There's also the other myth about how you can have the same interface on a
desktop and on a tablet, but that's so crazy that most people who believe it
are locked up in institutions.

It's great if more people want to use Linux, of course. But it would be better
if in so doing they came to have an appreciation for their device as one of
the most powerful tools ever conceived by the mind of man, rather than another
way to upload photos to Facebook and look at cat videos on Youtube. Those use
cases are more than covered.

At any rate, Linux Mint is switching to Gnome 3 next release, although with
some extensions to remove the suck apparently.
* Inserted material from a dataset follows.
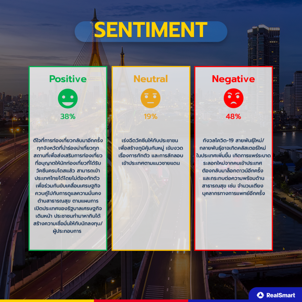 โดยภาพรวมแล้ว มี Positive Sentiment 38% ดีใจที่การท่องเที่ยวจะกลับมาอีกครั้ง เศรษฐกิจจะได้ฟื้นตัว มีรายได้จากนักท่องเที่ยวต่างชาติที่ฉีดวัคซีนครบโดส พร้อมเป็นการสร้างความเชื่อมั่นต่อนักธุรกิจและนักลงทุน ต่อมาในส่วนของ Neutral Sentiment 19% กลุ่มคนนี้มองว่าควรเร่งฉีดวัคซีนให้กับประชาชน เพื่อสร้างภูมิคุ้มกันหมู่ รวมถึงอยากให้เข้มงวดเรื่องการกักตัว และการลักลอบเข้าประเทศตามชายแดน แน่นอนมีกลุ่มคนที่ไม่เห็นด้วยที่เป็น Negative Sentiment 48% พวกเขากังวลโควิด-19 สายพันธุ์ใหม่หรือกลายพันธุ์ที่อาจเกิดคลัสเตอร์ใหม่อีก ซึ่งจะส่งผลให้ต้องมีการล็อคดาวน์อีกครั้ง รวมถึงกระทบต่อความพร้อมด้านสาธารณสุข

So beware.

------
constant_change
Thanks for bringing this distribution to my attention. I've been trying to
force myself to adapt to Unity but I'm still not enjoying it. I feared
switching to another distribution because I've grown accustomed to Ubuntu's
ease of package management and hardware support. I don't have the time or
inclination to fiddle with text file configurations any more these days.

Mint appears to address all of my concerns, providing a distro based on Ubuntu
but stressing ease of use in ways Ubuntu was not willing to (including flash,
full multimedia support, Oracle's java, etc in a fresh install). I am excited
to give the live dvd a try!

I am especially encouraged by their plans for reconciling users' workflow
patterns with Ubuntu's switch to Unity and the Gnome's new interface. Very
pragmatic approach in my view.

------
suivix
A more realistic comparison is with Google Trends.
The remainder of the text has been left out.